Importance of psychological safety and appreciation at work discussed by experts
Team members do not engage with their work unless they feel safe, connected and valued
Alan Robinson and Ernie Ward discuss creating a vet and nurse friendly practice

The final afternoon at the virtual BSAVA Congress 2021 focused on recruitment and retention. It is no secret that the veterinary industry can struggle to recruit and retain talent, yet considering the psychological drivers for motivation and engagement at work does not always receive the consideration it deserves.

Alan Robinson, managing director of Vet Dynamics, and Ernie Ward, Chief Strategy Officer at Affordable Pet Labs, discussed the importance of safety and security at work and said that retention was “not just about perks”.

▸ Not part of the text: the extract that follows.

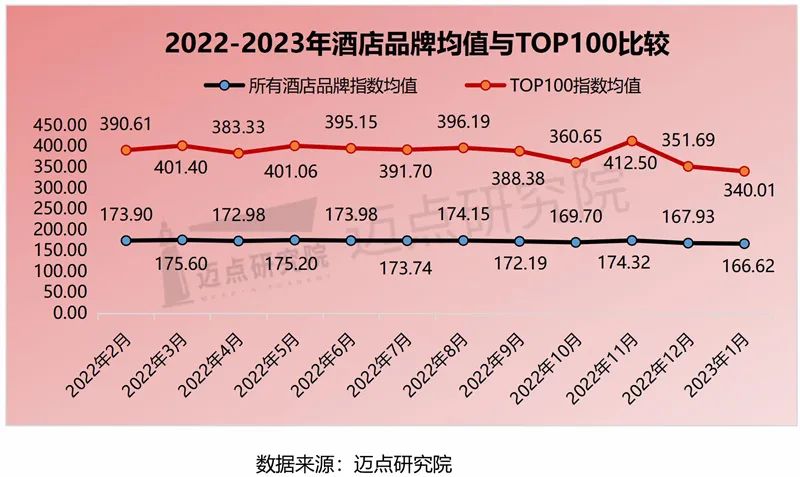 1月百強榜單和整體酒店品牌指數(shù)均呈下降態(tài)勢,2023年1月TOP100品牌值均數(shù)為340.01,環(huán)比下降3.32%;整體酒店品牌指數(shù)均值166.62,環(huán)比下降0.78%。從數(shù)據(jù)可知,整體品牌指數(shù)均值與TOP100呈現(xiàn)較大差距,但整體有縮小的趨勢,反映出頭部品牌具有較高的市場關(guān)注度和認可度,頭部品牌具備市場歡迎度高、客戶觸達范圍廣、住店服務(wù)體驗佳、服務(wù)品質(zhì)有保障等多重優(yōu)勢,因而無論是投資人還是普通游客,都會將其作為優(yōu)選對象,但其他品牌也在不斷提升自身產(chǎn)品競爭力,優(yōu)化服務(wù)品質(zhì),從多層面縮小與頭部品牌的差距。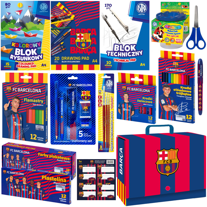 Wyprawka szkolna XXL FC Barcelona to kompletny zestaw artykułów szkolnych i plastycznych, stworzony z myślą o dzieciach, które kochają piłkę nożną i legendarny klub FC Barcelona. Idealny wybór na rozpoczęcie roku szkolnego, do szkoły podstawowej oraz na kreatywne zajęcia w domu.

Alan explained how team members do not engage with their work unless they feel safe, connected and valued. “People need to be in a positive psychological and physiological state of flow” said Alan. “They need to be in a supportive and safe relationship with practice leaders and managers.”

Alan stated how, in order to be attractive as a place of work, employers need to create an environment where “people can look after themselves” and where “confidence and competence is encouraged”. He explained how we need to understand the veterinary mindset and to acknowledge how a practice environment can threaten resilience and psychological safety.

“Vets and nurses are ethically and morally driven individuals. We think of ourselves as highly resilient – until we’re not.”

Alan’s top tips for building a psychologically-safe workplace included:
  • allowing self-expression where team members can acknowledge their ‘best selves’ as well as their own fallibility
  • tolerating experimentation by modelling curiosity and encouraging failure with learning
  • encouraging purpose by making it matter and sharing personal stories.

Ernie Ward started his talk by explaining the "four Rs" in that all team members deserve “roles, responsibilities, recognition and rewards” – build it and they will come – and reflected on the importance of regular feedback. “Catch someone doing something good each day!”

Ernie stressed the importance of offering praise publicly, but saving constructive feedback for private environments – a behaviour that leaders need to consciously and consistently self-evaluate.

It was emphasised that the activity of showing appreciation to your team did not have to involve spending a lot of money. “A handwritten card is the most valuable way I have ever found to thank people in person” said Ernie, and noted his positive experience of finding out that a former employee had kept a card that he had written to her many years ago.

Alan recommended researching the concept of management by appreciation and learning the five different versions of appreciation. “Find out how people like to be appreciated and apply that individually.”